## Getting Started

I have started a course on probability from [MIT Open courseware](https://ocw.mit.edu/courses/electrical-engineering-and-computer-science/6-436j-fundamentals-of-probability-fall-2018/)

In an attempt to solidify my learning and also get started on my blog I will try to code interesting problems/topics that I come across.

Starting with the [Monty Hall problem](https://en.wikipedia.org/wiki/Monty_Hall_problem).

In this notebook, I will attempt to:
- Create a Simulation of a single trial of the Monty Hall Problem (with the option to switch)
- Run the simulation multile number of times (with switching, without switching and random switchnig) and explore the results
- Figure out if I can make the simulation faster

To get started, lets define a function that takes in three inputs (Prize door #, Selected door #, Switch) and returns the result of the experiment (win or loss).

Additionally in this case, a win with switching is a loss without switching (and vice versa)

In [1]:
# Returns if the trial results in a win
def MontyTrial(win_door, selected_door, switch = False):
    if (win_door == selected_door and not switch):
        return 1
    elif (win_door == selected_door and switch):
        return 0
    elif (win_door != selected_door and switch):
        return 1
    elif (win_door != selected_door and not switch):
        return 0

### Simulating the trials

Now that we have a function that can give us the outcome of an individual trial, lets see if we can run multiple trials and find out what happens.

I will use a Numpy array to generate random winning door numbers and selected door numbers.

In [2]:
# Import numpy and datetime. I will use current UTC as the seed for Numpy's random number generator
import numpy as np
from datetime import datetime

seed = datetime.utcnow().timestamp()

#Testing generation of 10 random ints between 1 and 3

print("Seed: ", int(seed))
np.random.seed(int(seed))

print("10 Random integers between 1 & 3: ", np.random.randint(1,4,10))



Seed:  1611073640
10 Random integers between 1 & 3:  [2 2 2 3 3 2 1 2 3 1]


Having set that up, I will now generate two arrays of size 1000 each. One would be the winning door number and the other would be the selected door number.

Then we can feed in the results to the MontyTrial function and evaluate the results

Edit: Going to convert this into a function so that I can time the results

In [3]:
#This function runs Monty Hall trials for the given number of trials. 
#The supress variable will stop any output from the function for timing purposes
def MontySimulation(trials, supress=False):
    if (supress == False):
        print("Simulating ",trials," trials")
    Winning_Door = np.random.randint(1,4,trials)
    Selected_Door = np.random.randint(1,4,trials)

    Result = 0

    #Running the trial where the contestant never switches
    for i in range(0, len(Winning_Door)):
        Result += MontyTrial(Winning_Door[i], Selected_Door[i], False)

    Result = Result/trials
    if (supress == False):
        print("Probability of winning with no switching: ", Result)
        print("Probability of winning with always switching: ", 1 - Result)
    
MontySimulation(100000)

Simulating  100000  trials
Probability of winning with no switching:  0.33394
Probability of winning with always switching:  0.66606


Looking at the results above, the probability of winning is ~67% or 2/3rd of the time if an always switching strategy is adopted.

However I think this implementation is not optimal and there is an opportunity to speed it up.

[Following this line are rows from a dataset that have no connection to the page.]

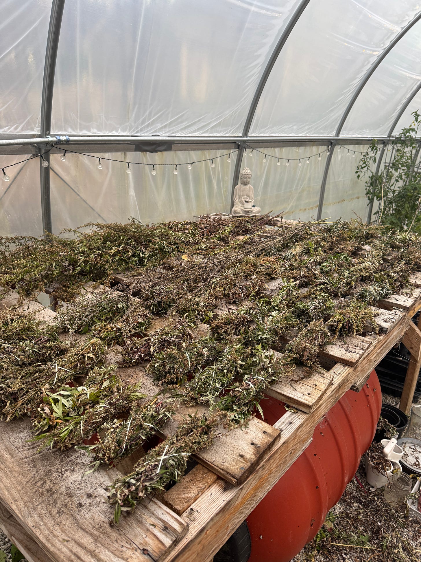 “What’s it all for anyway?” is the question I was asked by so many people during the gathering. I ended up filling the back of the truck bed with mugwort stalks as tall as me, sometimes taller in one afternoon. The first time someone asked I laughed, and I’m still smiling as I write. I think the answer was something along the lines of, “I feel like it, or I feel called to.” The conversation usually landed on asking what I was going to do with it. Very good question. I honestly had only thought of making smudge sticks out of them. So that was the answer. No need to make it more complicated than that really. The heaping pile of stalks lay on a pallet table in the greenhouse for a long time. I’d rotate them as they dried and move them around so the middle didn’t mold. It was later in the season and the greenhouse was not very humid so this idea worked out really well. At some point I realized the seemingly insane bulk I ended up with and how little of it was actually needed to make a smudge stick.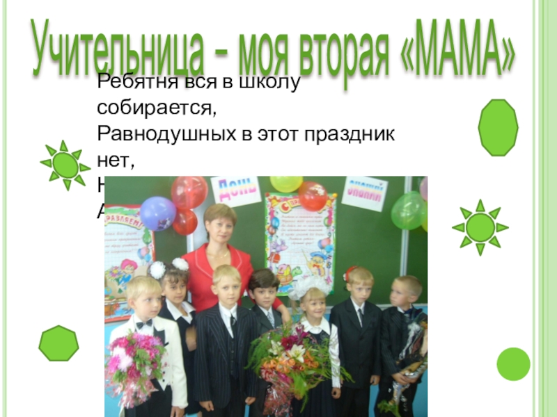 Учительница – моя вторая «МАМА»Ребятня вся в школу собирается,Равнодушных в этот праздник нет,Наш Учитель тоже улыбается,А в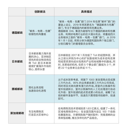在国外,面对“数字化”带来的冲击,许多国家邮政企业选择业务重组,以此来提高成本效率,部分邮政企业甚至剥离非核心业务,以此释放资金压力,着眼未来投资(见图表1)。
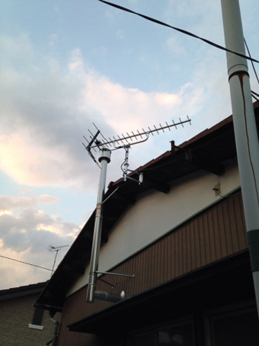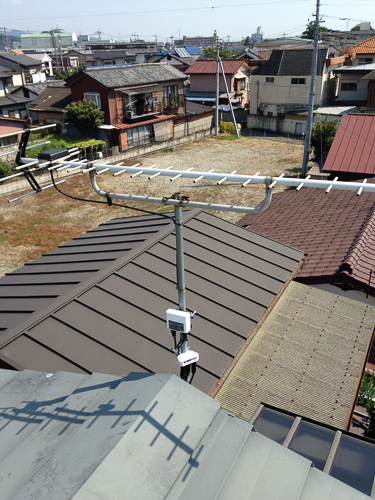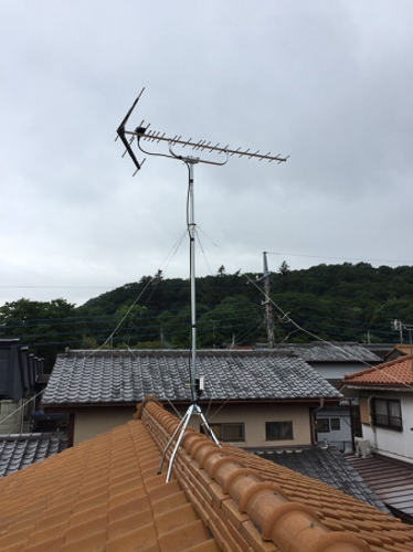 群馬県桐生市のテレビアンテナ工事施工例です。桐生市は多くを山間部が占めますが、前橋局からも近く十分にテレビアンテナの設置が可能なエリアです。地形を考慮して、相生町などでもアンテナの屋根上設置が多く採用されています。新設ほか撤去・処分、修理など群馬県で施工実績豊富な株式会社電翔へぜひお任せください。格安価格でアンテナ設置工事をご提案させていただきます。

To start, I will time 1 million trials.

In [4]:
%timeit MontySimulation(1000000, True)

817 ms ± 145 ms per loop (mean ± std. dev. of 7 runs, 1 loop each)


With the current logic, it takes about 1 second to run 1 million MontyHall trials. There is obviously room for improvement. To start, lets see if we can simplyfy the Monty Trial function

In [5]:
#In the v2 version of this function, I will try to reduce the for conditionals and run a trial to see if that improves performance
def MontyTrialv2(win_door, selected_door, switch = False):
    result = 0 if win_door == selected_door else 1
    return result == switch    

Came down to a bit of a wierd logic, but this is what the function is doing:

1. If Winning door and selected door are the same then set result to 0, else set it to 1
2. If there is no switching, then the variable switch is false (0) and so result would be equal to switch (and a win)
3. If result is one and no switching, then the return statement returns as false (1 == 0)
4. With switching (variable switch set to true) a zero resutls returns a false (since 0 != 1)
5. Finally, with switching set to true a 1 results returns True (since 1 == 1)

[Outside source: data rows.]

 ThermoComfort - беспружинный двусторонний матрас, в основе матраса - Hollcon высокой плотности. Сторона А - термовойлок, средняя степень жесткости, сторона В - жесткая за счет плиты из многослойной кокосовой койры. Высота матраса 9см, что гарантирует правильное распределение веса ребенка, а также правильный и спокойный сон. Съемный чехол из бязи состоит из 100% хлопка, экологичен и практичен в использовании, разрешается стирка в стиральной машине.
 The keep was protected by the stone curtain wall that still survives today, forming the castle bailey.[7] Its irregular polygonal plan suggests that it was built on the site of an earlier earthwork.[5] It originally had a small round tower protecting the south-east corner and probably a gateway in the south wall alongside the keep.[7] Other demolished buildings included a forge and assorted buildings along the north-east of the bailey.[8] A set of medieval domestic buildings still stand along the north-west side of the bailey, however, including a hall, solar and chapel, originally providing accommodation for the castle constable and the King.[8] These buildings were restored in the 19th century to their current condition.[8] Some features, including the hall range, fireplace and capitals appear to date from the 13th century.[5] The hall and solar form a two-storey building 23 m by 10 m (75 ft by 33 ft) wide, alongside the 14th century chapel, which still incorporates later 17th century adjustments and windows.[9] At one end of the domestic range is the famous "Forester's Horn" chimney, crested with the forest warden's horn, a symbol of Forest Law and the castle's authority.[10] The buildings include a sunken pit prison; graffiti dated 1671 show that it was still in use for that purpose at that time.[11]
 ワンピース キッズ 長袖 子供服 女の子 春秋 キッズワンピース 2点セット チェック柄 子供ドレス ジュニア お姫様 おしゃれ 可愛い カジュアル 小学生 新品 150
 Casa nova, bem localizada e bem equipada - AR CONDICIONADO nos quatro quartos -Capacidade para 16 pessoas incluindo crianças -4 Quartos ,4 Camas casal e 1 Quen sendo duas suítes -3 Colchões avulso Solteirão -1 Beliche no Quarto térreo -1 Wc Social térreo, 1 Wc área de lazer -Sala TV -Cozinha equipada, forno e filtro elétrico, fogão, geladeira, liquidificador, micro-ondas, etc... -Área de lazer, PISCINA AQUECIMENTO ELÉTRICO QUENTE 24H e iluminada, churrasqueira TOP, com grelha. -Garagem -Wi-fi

Lets plug this new function into a simulator and see if this speeds up the code

In [6]:
#V2 simulation fucntion uses the Monty V2 to generate results
def MontySimulationv2(trials, supress=False):
    if (supress == False):
        print("Simulating ",trials," trials in v2")
    Winning_Door = np.random.randint(1,4,trials)
    Selected_Door = np.random.randint(1,4,trials)

    Result = 0

    #Running the trial where the contestant never switches
    for i in range(0, len(Winning_Door)):
        Result += MontyTrialv2(Winning_Door[i], Selected_Door[i], False)

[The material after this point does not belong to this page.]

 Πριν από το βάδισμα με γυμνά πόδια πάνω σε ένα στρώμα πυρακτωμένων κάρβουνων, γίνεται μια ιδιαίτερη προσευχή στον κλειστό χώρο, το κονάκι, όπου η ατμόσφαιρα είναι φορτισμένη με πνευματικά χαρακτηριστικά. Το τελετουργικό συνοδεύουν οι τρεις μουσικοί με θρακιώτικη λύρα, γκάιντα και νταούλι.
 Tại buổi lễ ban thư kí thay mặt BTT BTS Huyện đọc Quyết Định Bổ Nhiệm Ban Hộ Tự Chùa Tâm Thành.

    Result = Result/trials
    if (supress == False):
        print("Probability of winning with no switching: ", Result)
        print("Probability of winning with always switching: ", 1 - Result)
    
MontySimulation(100000)
MontySimulationv2(100000)

Simulating  100000  trials
Probability of winning with no switching:  0.33181
Probability of winning with always switching:  0.6681900000000001
Simulating  100000  trials in v2
Probability of winning with no switching:  0.33161
Probability of winning with always switching:  0.66839


In [7]:
print("Timing v1 Simulation on 1 million trials")
%timeit MontySimulation(1000000, True)
print("Timing v2 Simulation on 1 million trials")
%timeit MontySimulationv2(1000000, True)

Timing v1 Simulation on 1 million trials
735 ms ± 16.1 ms per loop (mean ± std. dev. of 7 runs, 1 loop each)
Timing v2 Simulation on 1 million trials
659 ms ± 25.5 ms per loop (mean ± std. dev. of 7 runs, 1 loop each)


Not a measurable impact. It could be the different arrays generated in each function (unlikely!!) so lets just time the main trail function itself

In [8]:
print("Timing v1 trial function")
%timeit MontyTrial(1,2,True)
print("Timing v2 trial function")
%timeit MontyTrialv2(1,2,True)

Timing v1 trial function
216 ns ± 17.3 ns per loop (mean ± std. dev. of 7 runs, 1000000 loops each)
Timing v2 trial function
178 ns ± 23.3 ns per loop (mean ± std. dev. of 7 runs, 10000000 loops each)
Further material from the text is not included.